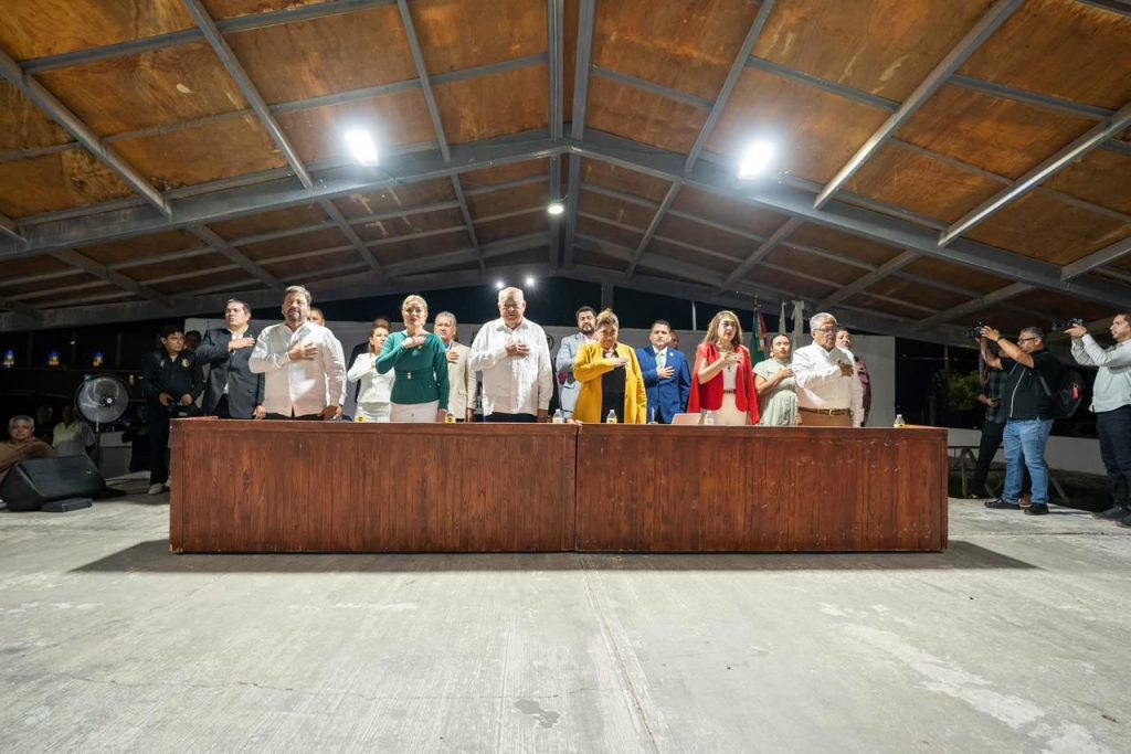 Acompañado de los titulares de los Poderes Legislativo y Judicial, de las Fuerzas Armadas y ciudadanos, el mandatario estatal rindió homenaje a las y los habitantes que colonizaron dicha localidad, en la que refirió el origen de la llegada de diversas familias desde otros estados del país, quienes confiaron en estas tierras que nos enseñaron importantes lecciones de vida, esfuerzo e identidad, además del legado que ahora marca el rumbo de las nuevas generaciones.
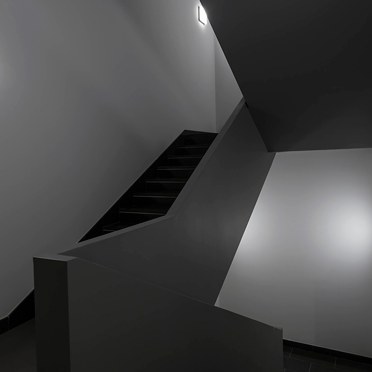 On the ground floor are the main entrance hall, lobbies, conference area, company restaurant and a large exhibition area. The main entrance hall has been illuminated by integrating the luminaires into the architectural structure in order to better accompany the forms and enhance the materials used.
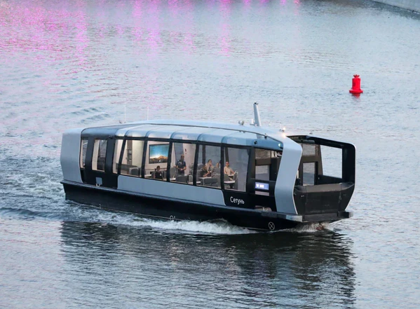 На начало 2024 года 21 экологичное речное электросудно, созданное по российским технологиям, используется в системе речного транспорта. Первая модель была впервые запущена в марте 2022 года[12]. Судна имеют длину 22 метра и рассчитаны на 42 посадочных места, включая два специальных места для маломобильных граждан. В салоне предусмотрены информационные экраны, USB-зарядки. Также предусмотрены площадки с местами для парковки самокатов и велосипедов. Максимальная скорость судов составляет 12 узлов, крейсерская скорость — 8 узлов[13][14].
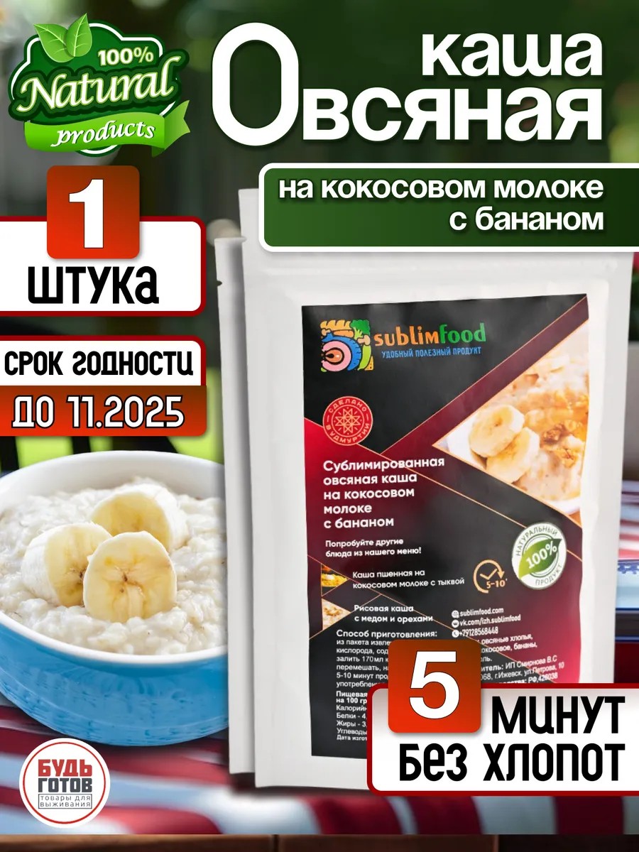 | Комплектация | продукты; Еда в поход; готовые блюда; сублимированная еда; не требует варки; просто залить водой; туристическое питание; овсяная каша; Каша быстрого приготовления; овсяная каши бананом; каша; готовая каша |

————

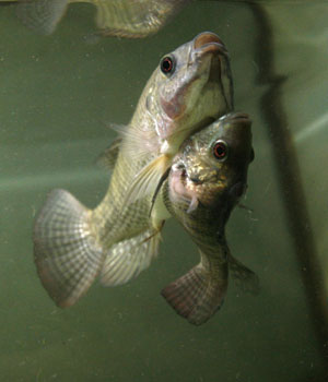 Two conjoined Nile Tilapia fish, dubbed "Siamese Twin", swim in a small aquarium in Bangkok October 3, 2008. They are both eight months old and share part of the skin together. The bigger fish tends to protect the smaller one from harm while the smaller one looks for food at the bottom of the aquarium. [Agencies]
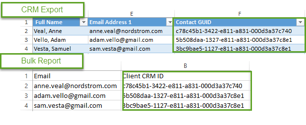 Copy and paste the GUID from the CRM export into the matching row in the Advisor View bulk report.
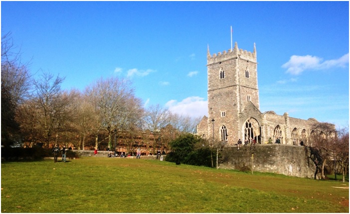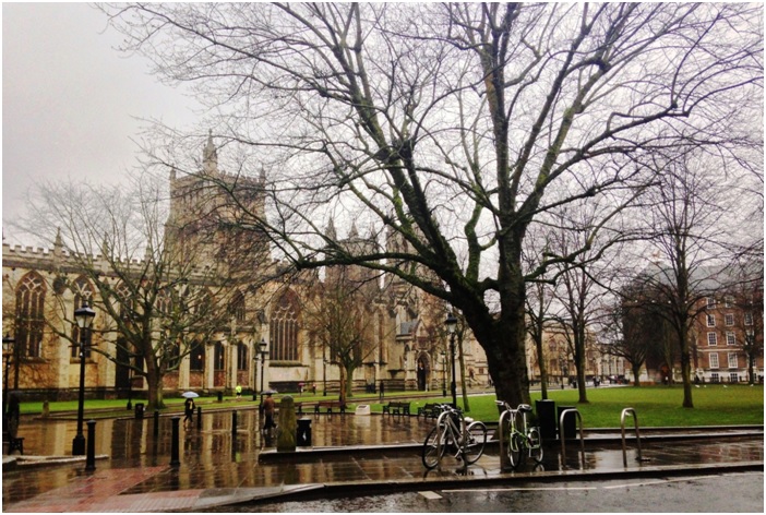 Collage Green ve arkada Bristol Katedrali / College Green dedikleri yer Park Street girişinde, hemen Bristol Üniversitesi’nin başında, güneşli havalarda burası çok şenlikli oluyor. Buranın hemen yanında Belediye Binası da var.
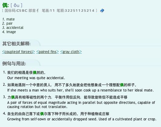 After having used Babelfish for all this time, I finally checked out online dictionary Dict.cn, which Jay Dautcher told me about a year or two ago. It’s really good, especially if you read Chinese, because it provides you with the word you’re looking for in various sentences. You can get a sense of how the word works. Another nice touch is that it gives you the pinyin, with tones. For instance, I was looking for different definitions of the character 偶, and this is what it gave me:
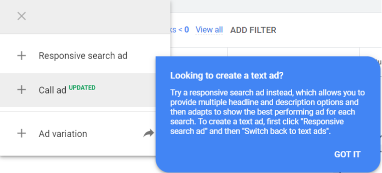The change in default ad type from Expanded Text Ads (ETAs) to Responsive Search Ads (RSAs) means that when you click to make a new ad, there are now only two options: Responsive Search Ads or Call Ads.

————

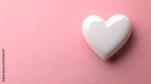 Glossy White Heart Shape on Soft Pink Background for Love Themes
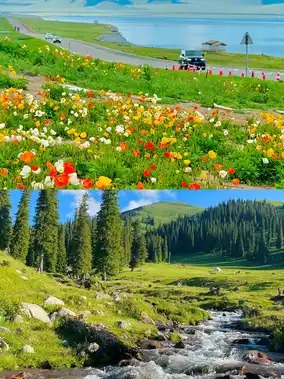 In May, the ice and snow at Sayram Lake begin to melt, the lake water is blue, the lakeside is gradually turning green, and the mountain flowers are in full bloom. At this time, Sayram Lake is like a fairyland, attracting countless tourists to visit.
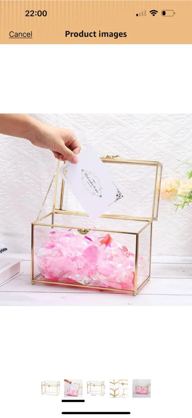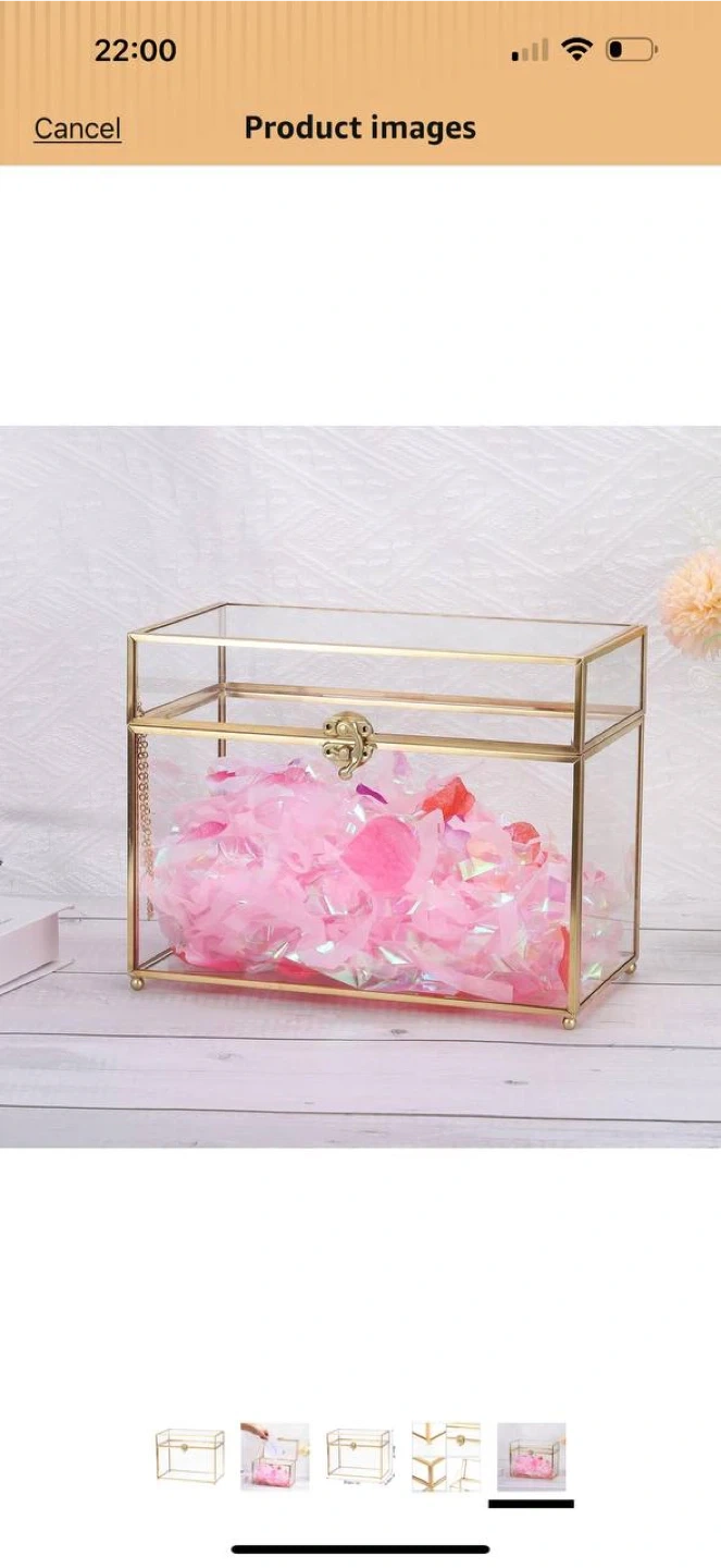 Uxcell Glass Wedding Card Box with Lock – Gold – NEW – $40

————

Taking the records above, print only and exactly the lines from the line with "Acompañado de los" to the line with "готовая каша |", both kept, and exclude pictures.

 Acompañado de los titulares de los Poderes Legislativo y Judicial, de las Fuerzas Armadas y ciudadanos, el mandatario estatal rindió homenaje a las y los habitantes que colonizaron dicha localidad, en la que refirió el origen de la llegada de diversas familias desde otros estados del país, quienes confiaron en estas tierras que nos enseñaron importantes lecciones de vida, esfuerzo e identidad, además del legado que ahora marca el rumbo de las nuevas generaciones.
 On the ground floor are the main entrance hall, lobbies, conference area, company restaurant and a large exhibition area. The main entrance hall has been illuminated by integrating the luminaires into the architectural structure in order to better accompany the forms and enhance the materials used.
 На начало 2024 года 21 экологичное речное электросудно, созданное по российским технологиям, используется в системе речного транспорта. Первая модель была впервые запущена в марте 2022 года[12]. Судна имеют длину 22 метра и рассчитаны на 42 посадочных места, включая два специальных места для маломобильных граждан. В салоне предусмотрены информационные экраны, USB-зарядки. Также предусмотрены площадки с местами для парковки самокатов и велосипедов. Максимальная скорость судов составляет 12 узлов, крейсерская скорость — 8 узлов[13][14].
 | Комплектация | продукты; Еда в поход; готовые блюда; сублимированная еда; не требует варки; просто залить водой; туристическое питание; овсяная каша; Каша быстрого приготовления; овсяная каши бананом; каша; готовая каша |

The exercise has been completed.